▶ **Task description**
Your answer should repeat exactly the lines from the one holding "hologram, (detailed ice), Ice" through the end of the data, and it should contain no pictures.

▶ **Raw data**

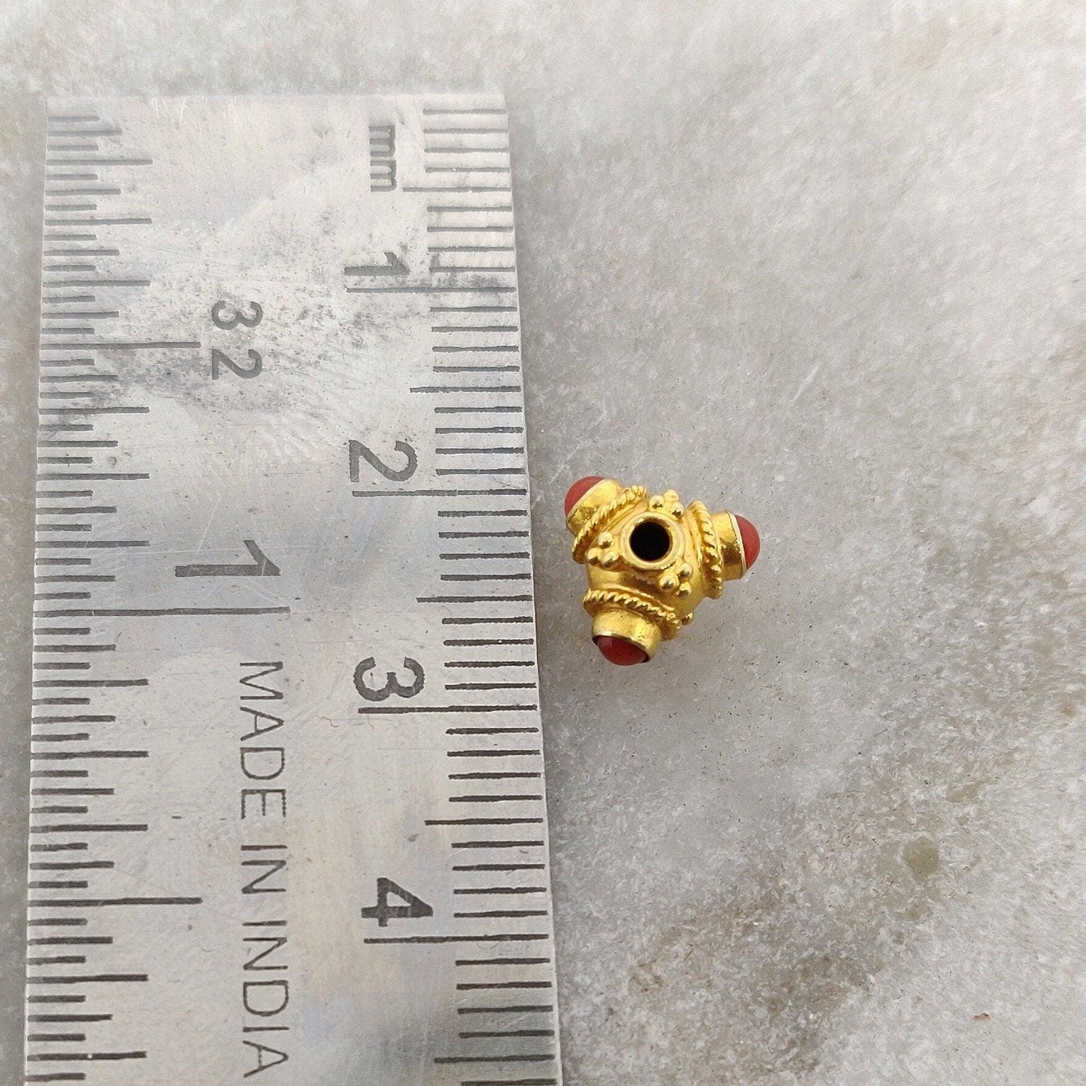 18 Karat Gold Spacer Beads Coral Stone Triangle DIY Craft
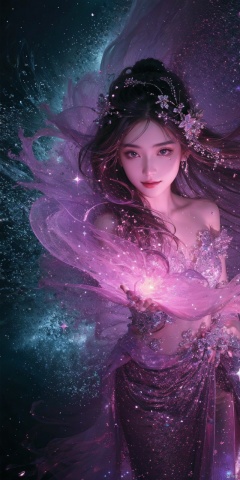 hologram, (detailed ice), Ice magic, Starry sky adorns hair, depth of field, Sank into the starry sea, ((beautiful detailed water)), ((floating)), dynamic angle, water magic, the most beautiful form of chaos, elegant, atmospheric, the background is the magic sky castle, magic flash of fantasy, ((ancient god beast)), magic tower with glitter in the background, cosmos, The furnace of everything, dress, , 1girl, ,
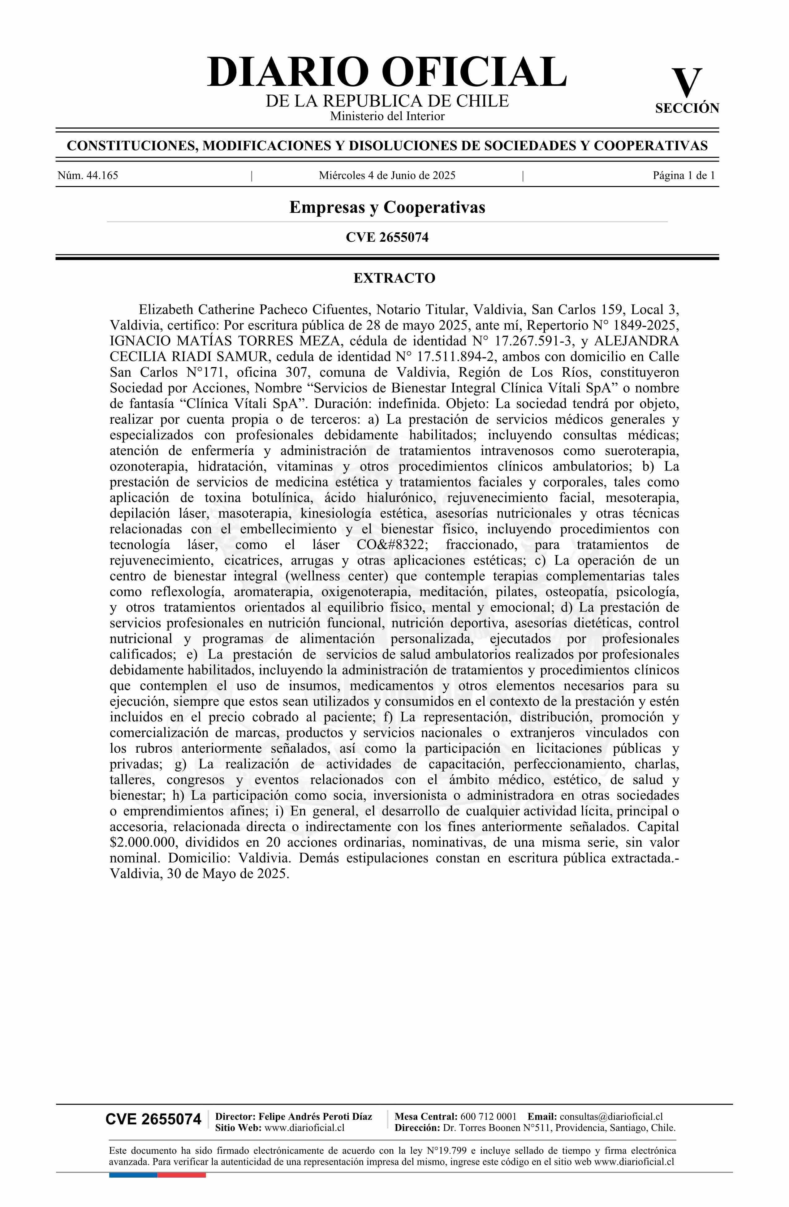 Título: Servicios de Bienestar Integral Clínica Vítali SpA

▶ **Output**
 hologram, (detailed ice), Ice magic, Starry sky adorns hair, depth of field, Sank into the starry sea, ((beautiful detailed water)), ((floating)), dynamic angle, water magic, the most beautiful form of chaos, elegant, atmospheric, the background is the magic sky castle, magic flash of fantasy, ((ancient god beast)), magic tower with glitter in the background, cosmos, The furnace of everything, dress, , 1girl, ,
 Título: Servicios de Bienestar Integral Clínica Vítali SpA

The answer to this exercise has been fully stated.